1....2.....3... Priorities!! Say what?!!
Lots of my friends are having baby #1 or baby #2 right now and I hear some of the conflicts of interest that they are having about raising their kids! Even if you have been on the same page for baby #1, dynamics start to change with the next and just when you think you have figured things out, boom things change!!
Have you ever been around a couple and just thought to yourself, even with kids, maybe a dog, in-laws, work, other responsibilities, “they look like they have it all together?”! That’s what I like to call #pictureperfect! Looks can be deceiving and many times are. Nobody ever really knows what goes on behind closed doors. Relationships ALWAYS take a lot of work and communication! I can’t stress the word COMMUNICATION enough!
Looking back, when you are dating, you are pretty much in la-la land! Then you get engaged and the stress factor goes up a little, it's time to adult, but mainly you’re on cloud 9 because it’s wedding planning time! Then you get married and some time into the marriage, you decide to have kids! Now, "grown-up" conversations have been happening and decisions have been made on topics such as how to raise a family! And that day finally comes, and you find out your preggo with maybe 1 or 2 and in my case 3.. LOL!! And reality hits quickly! Wait, we are going to be parents and of 3?!! All of a sudden, things might seem to become a little different with your spouse and things that you might have agreed upon are starting to change and you might not be on the same page anymore.
I can’t stress how important it is to just talk!!! Don’t keep things in, don’t sit on them trying to find the right time to talk about it! Just carve out time on the regular and just talk, argue, discuss, vent.. whatever you want to call it, but don't let it sit until the point of eruption! My husband and I had no clue what we were in store for and had no idea how we were going to raise 3 kids at once. All the things we thought we were going to do or agreed upon, slowly started to change as we were faced with the current situation. Truthfully speaking - you can say how you are going to do and be and react to a million situations, but only once you are in it, will the reality of your decisions take place!
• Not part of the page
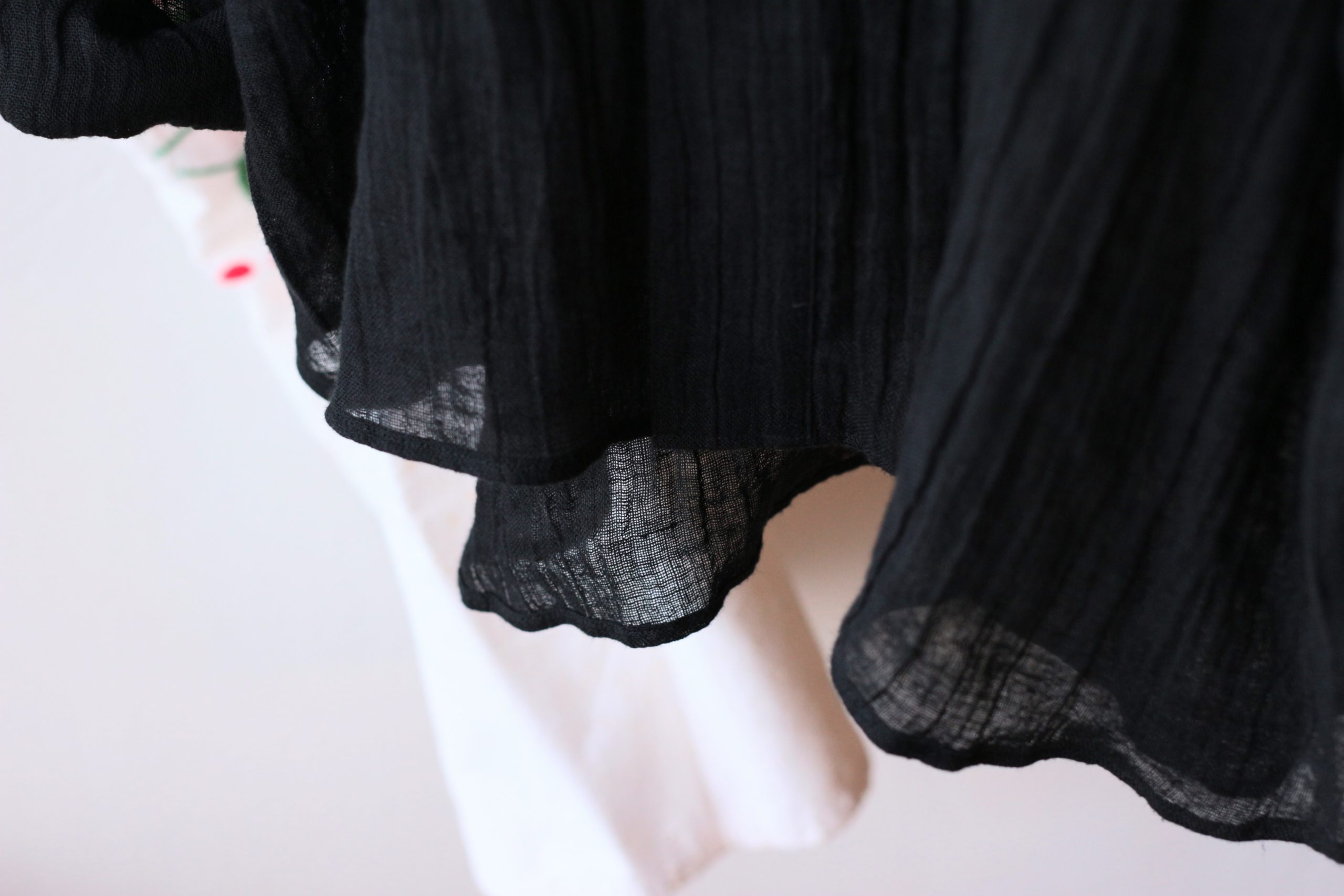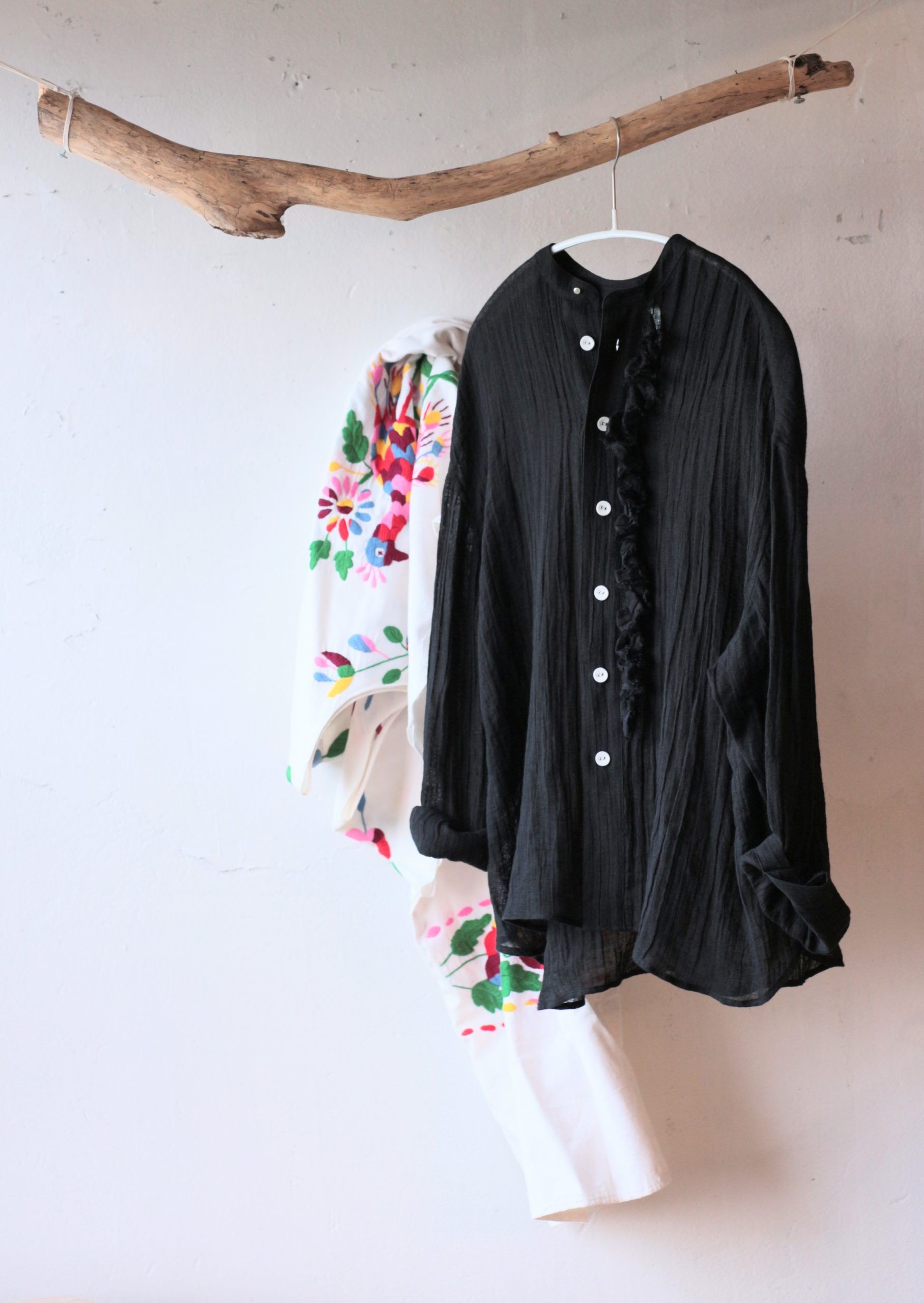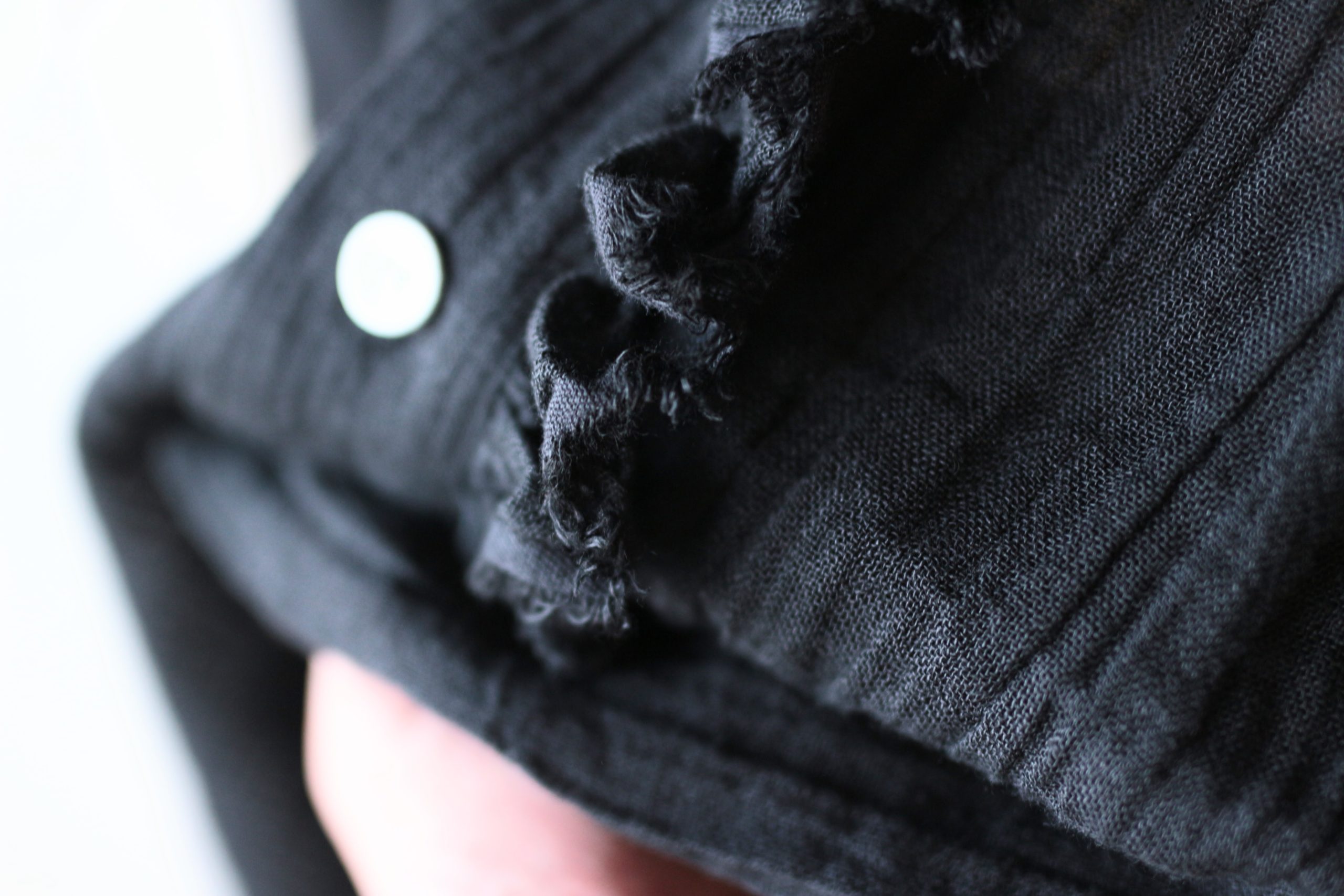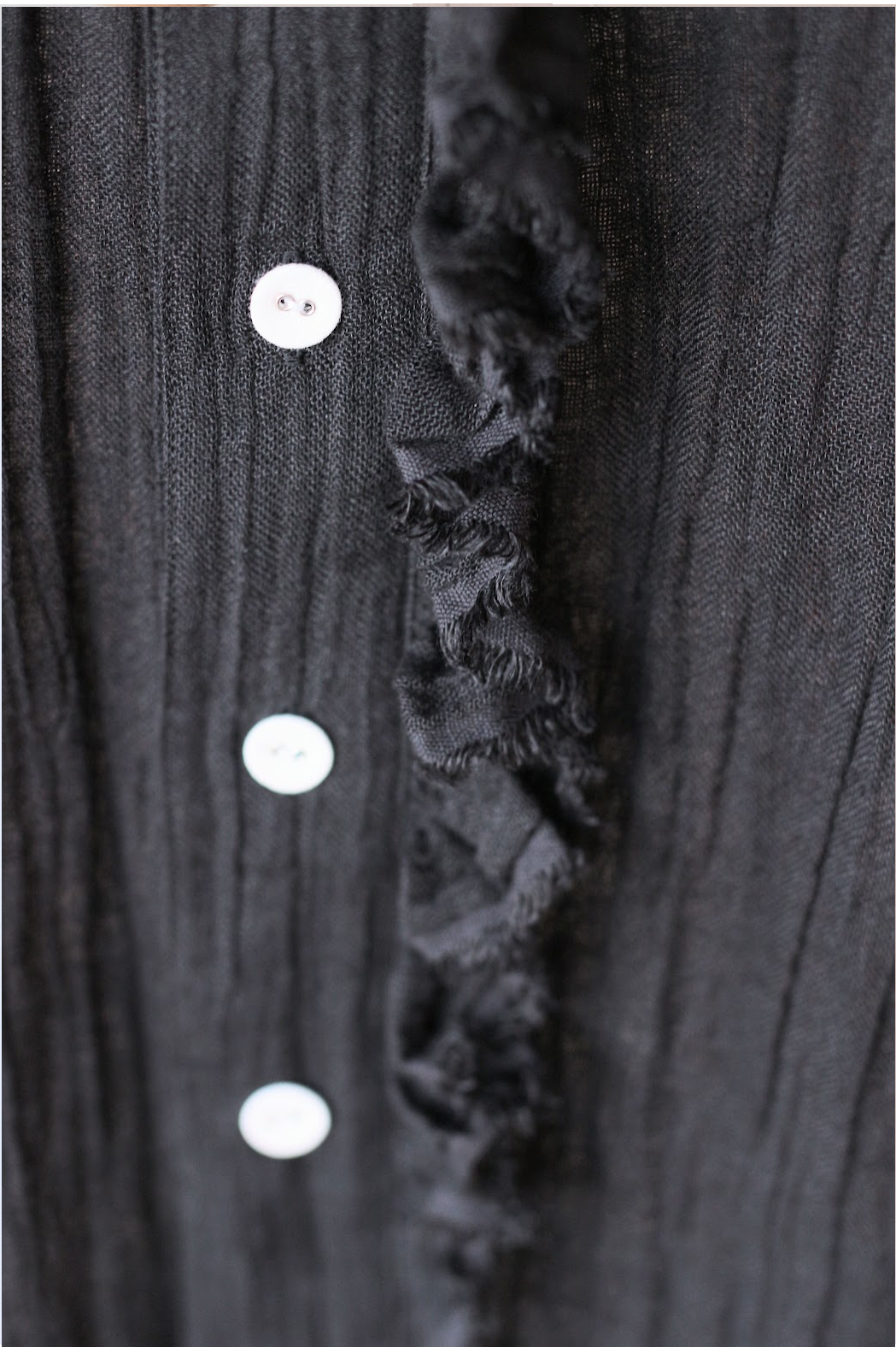 定番のフリルシャツショート・炭黒のリネンで仕立てました。

The one thing we agreed and have held strong until this day is to be on the same parenting page! You gotta stick together, no matter what! At least don't let the kiddos know you're not on the same page :)!!
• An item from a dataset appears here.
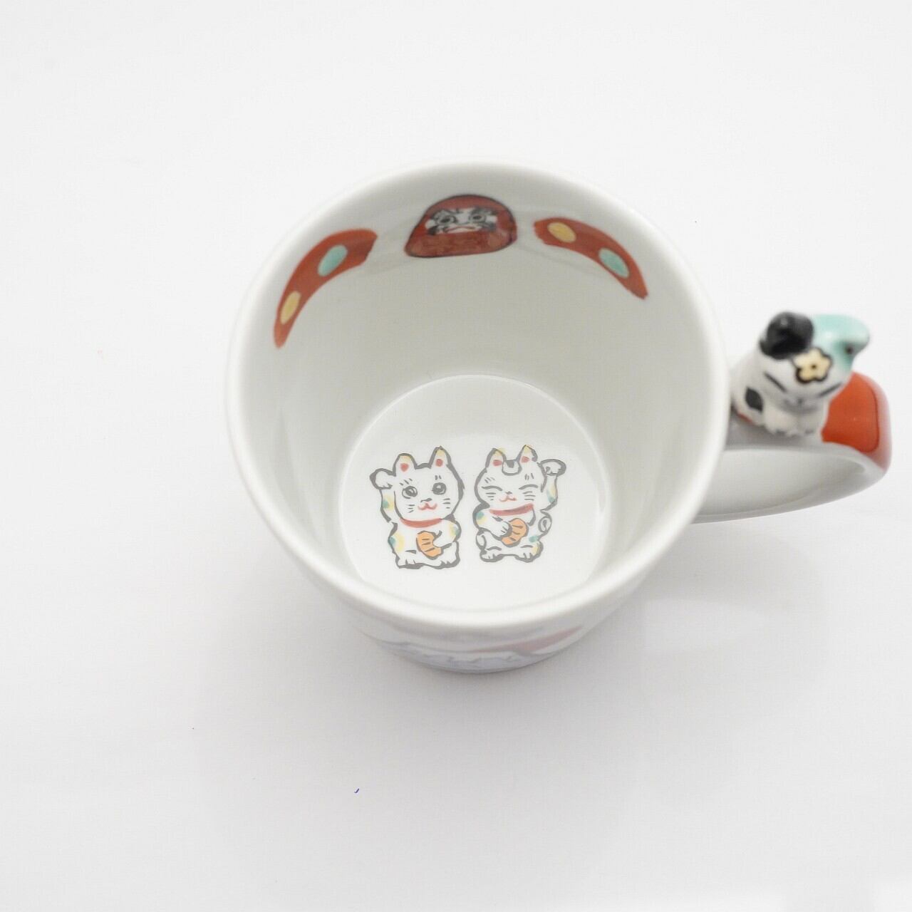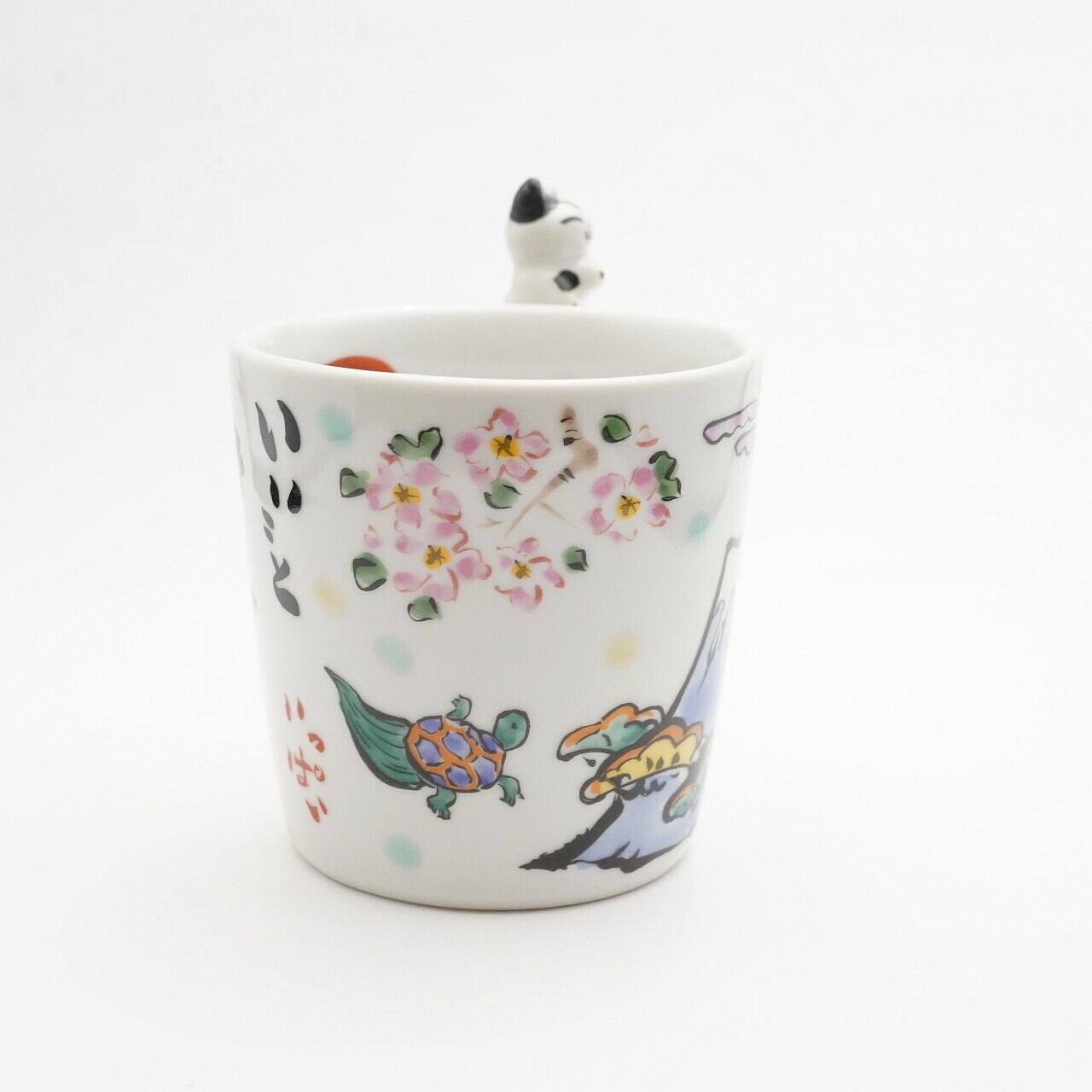 【夕立窯】富士めでたい三昧 ねこのっけマグカップ 1-B

Kiddos nowadays are smart and will try to outsmart you! We are already out numbered and kids are getting smarter and smarter by the day! Damn technology at their fingertips.. LOL!! They are picking up on things that I didn’t know until I was a teenager (okay maybe not that late in the game), but you get the idea!
The most important piece of advice that I can give is to always make time for yourselves and each other! Yes, the kids are your #1, but unless you make each other just as important, the days will pass by and you’ll start to drift from each other! My husband and I went through a phase where I more then him started to feel like roommates rather then spouses! We were always super exhausted, stressed and the last thing we wanted to do was “talk” or plan “date night”! There are feelings, hormones, mood swings, etc.. it’s like the pregnancy never ended.. LOL! We would be driving somewhere and those comfortable silences started to feel like uncomfortable silences… Well that was a wake-up call! We started doing date nights on the regular and just making time for ourselves which was so important as we were constantly living in survival mode!
We have an amazing support system which without them we wouldn’t be nearly as connected! Recently we were able to sneak away for a 2 week vacation sans kids to Bali, Indonesia!!! OMG - we didn’t realize just how much we needed that vacation. Not only for a small parenting break, but more importantly to connect again and remember why we agreed to say “I DO” in the first place! :)! I think we’ll make it for another 10 years.. LOL and our uncomfortable silences have gone back to comfortable silences!!
Communicate… communicate… communicate!! The kids are here now, but will be out of the house in 18 years and then it’s just the 2 of you again!! Keep the love alive!!